Contudo, mesmo com essa tentativa de limitação, a dedução integral das despesas médicas na declaração do IR continuaria garantida, sem alterações na legislação vigente.
Repercussão e resistência da Unafisco
A proposta gerou forte reação da Associação Nacional dos Auditores Fiscais da Receita Federal (Unafisco), que classificou a medida como inconstitucional. Segundo a entidade, a isenção do IR para pessoas com doenças graves é um direito garantido e não deve estar atrelado à renda mensal do contribuinte.
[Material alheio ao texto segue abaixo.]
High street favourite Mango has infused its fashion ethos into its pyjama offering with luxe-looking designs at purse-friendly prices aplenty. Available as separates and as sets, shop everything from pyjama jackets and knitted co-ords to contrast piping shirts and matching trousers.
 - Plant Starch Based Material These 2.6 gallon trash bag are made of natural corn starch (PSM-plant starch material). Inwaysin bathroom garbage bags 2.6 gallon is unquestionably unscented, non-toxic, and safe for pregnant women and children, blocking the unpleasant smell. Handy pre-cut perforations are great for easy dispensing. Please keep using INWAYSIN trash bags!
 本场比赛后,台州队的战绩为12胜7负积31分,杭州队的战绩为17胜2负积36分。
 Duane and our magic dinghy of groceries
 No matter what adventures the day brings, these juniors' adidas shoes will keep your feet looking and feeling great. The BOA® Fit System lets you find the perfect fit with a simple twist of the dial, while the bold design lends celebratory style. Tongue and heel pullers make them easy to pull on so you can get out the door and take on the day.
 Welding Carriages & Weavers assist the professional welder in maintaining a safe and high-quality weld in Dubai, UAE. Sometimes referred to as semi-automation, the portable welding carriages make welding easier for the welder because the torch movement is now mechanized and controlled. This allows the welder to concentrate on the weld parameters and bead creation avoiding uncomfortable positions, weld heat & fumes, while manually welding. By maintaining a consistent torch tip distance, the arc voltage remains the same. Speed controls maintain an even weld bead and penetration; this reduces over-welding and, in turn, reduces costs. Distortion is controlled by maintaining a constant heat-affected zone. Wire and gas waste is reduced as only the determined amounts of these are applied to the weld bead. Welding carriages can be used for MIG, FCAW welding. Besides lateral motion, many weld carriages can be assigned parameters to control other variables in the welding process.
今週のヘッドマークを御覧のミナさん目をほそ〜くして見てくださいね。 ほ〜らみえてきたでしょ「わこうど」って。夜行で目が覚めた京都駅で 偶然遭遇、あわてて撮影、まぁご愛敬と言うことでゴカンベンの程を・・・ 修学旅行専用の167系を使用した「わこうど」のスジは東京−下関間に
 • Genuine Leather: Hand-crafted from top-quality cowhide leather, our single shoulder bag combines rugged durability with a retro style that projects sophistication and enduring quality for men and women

A Unafisco ameaçou levar o caso ao Supremo Tribunal Federal (STF), caso a limitação fosse implementada. Para a associação, o benefício deve contemplar todos os cidadãos diagnosticados com enfermidades graves, independentemente de seus rendimentos.
“O Supremo Tribunal Federal tem jurisprudência consolidada no sentido de que a isenção é um mecanismo de proteção social para quem enfrenta doenças graves. Vincular esse direito à renda é um retrocesso e fere princípios constitucionais”, afirmou um porta-voz da Unafisco.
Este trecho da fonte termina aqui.